[Opening Supplied data section]

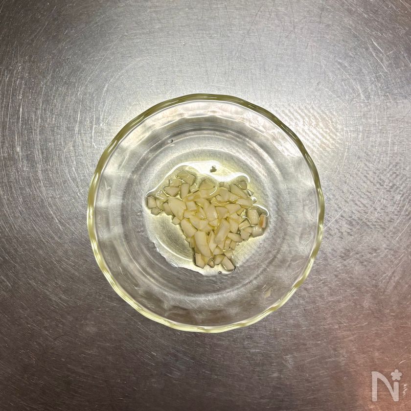 にんにくは粗みじん切りにして小さめの耐熱ボウルに入れ、サラダ油を回しかける。
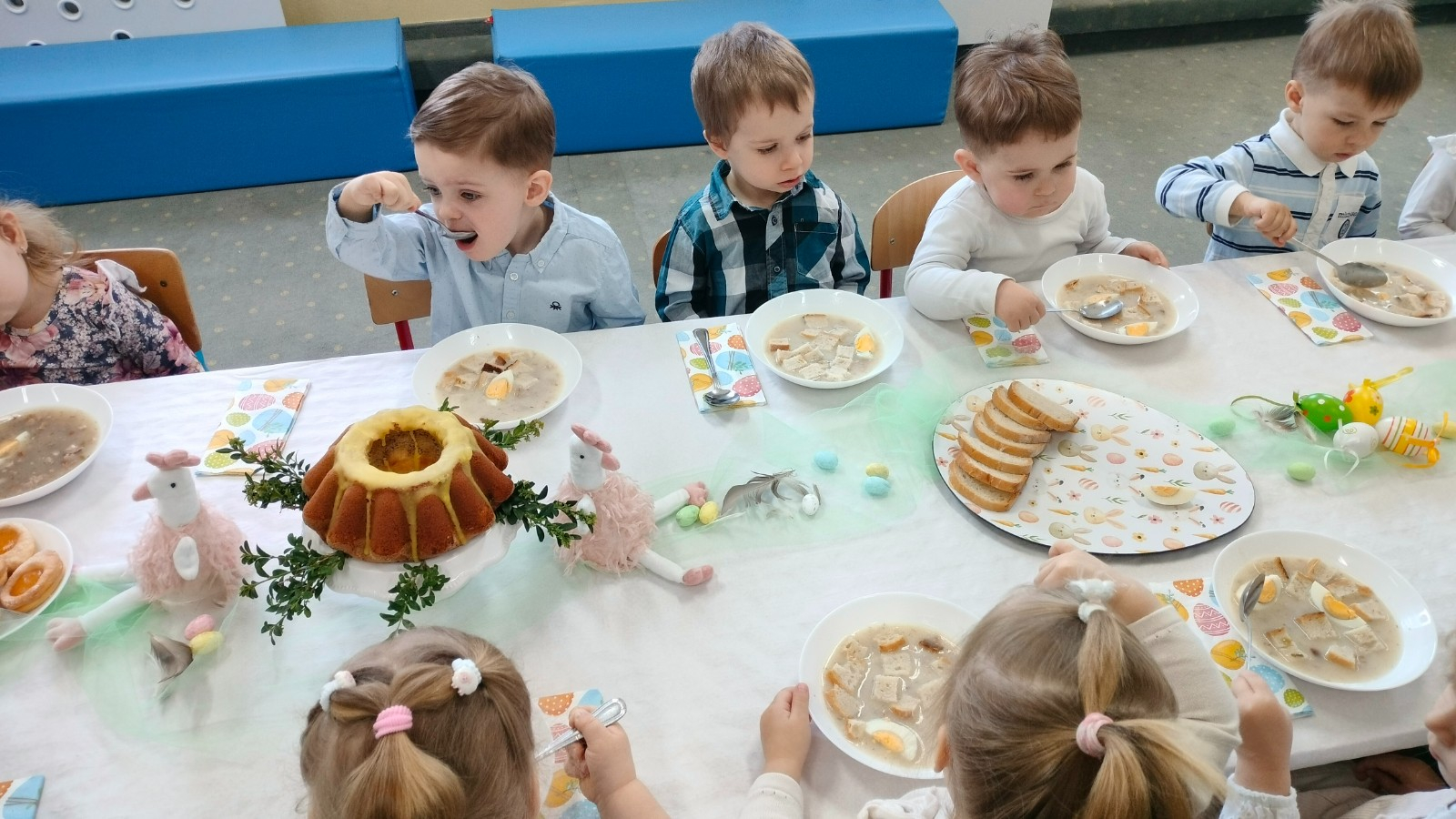 Zdjęcia przedstawiają dzieci podczas wspólnego śniadania wielkanocnego
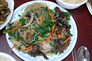 日本ではあまり馴染みのない手作りのどんぐり豆腐は、プルプルと柔らかくとっても美味しいかったです!日本でも人気のチャプチェは、ヘルシーな上に美味しくどんどんとはしが進みました^^;メインの보쌈(ボッサム=豚肉を野菜で包んで食べる料理)は、겉저리(コッジョリ)と呼ばれる作りたてのキムチとともに頂きます^^豚肉とキムチがよく合い、こちらも絶品!韓国の家庭料理は、日本の家庭料理よりもおかずの品数が多いような気がしました^^ご飯も美味しくぺろりと食べ切ってしまいました!
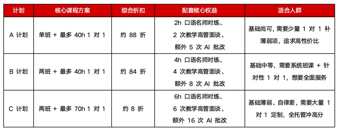 根据学员基础、目标分与学习强度,设置 A/B/C 三大方案,课程组合灵活,折扣力度逐级升级:

[Closing Supplied data section]

What this task involves - Omit the pictures and output all of the other material exactly.

Answer section -
 にんにくは粗みじん切りにして小さめの耐熱ボウルに入れ、サラダ油を回しかける。
 Zdjęcia przedstawiają dzieci podczas wspólnego śniadania wielkanocnego
 日本ではあまり馴染みのない手作りのどんぐり豆腐は、プルプルと柔らかくとっても美味しいかったです!日本でも人気のチャプチェは、ヘルシーな上に美味しくどんどんとはしが進みました^^;メインの보쌈(ボッサム=豚肉を野菜で包んで食べる料理)は、겉저리(コッジョリ)と呼ばれる作りたてのキムチとともに頂きます^^豚肉とキムチがよく合い、こちらも絶品!韓国の家庭料理は、日本の家庭料理よりもおかずの品数が多いような気がしました^^ご飯も美味しくぺろりと食べ切ってしまいました!
 根据学员基础、目标分与学习强度,设置 A/B/C 三大方案,课程组合灵活,折扣力度逐级升级:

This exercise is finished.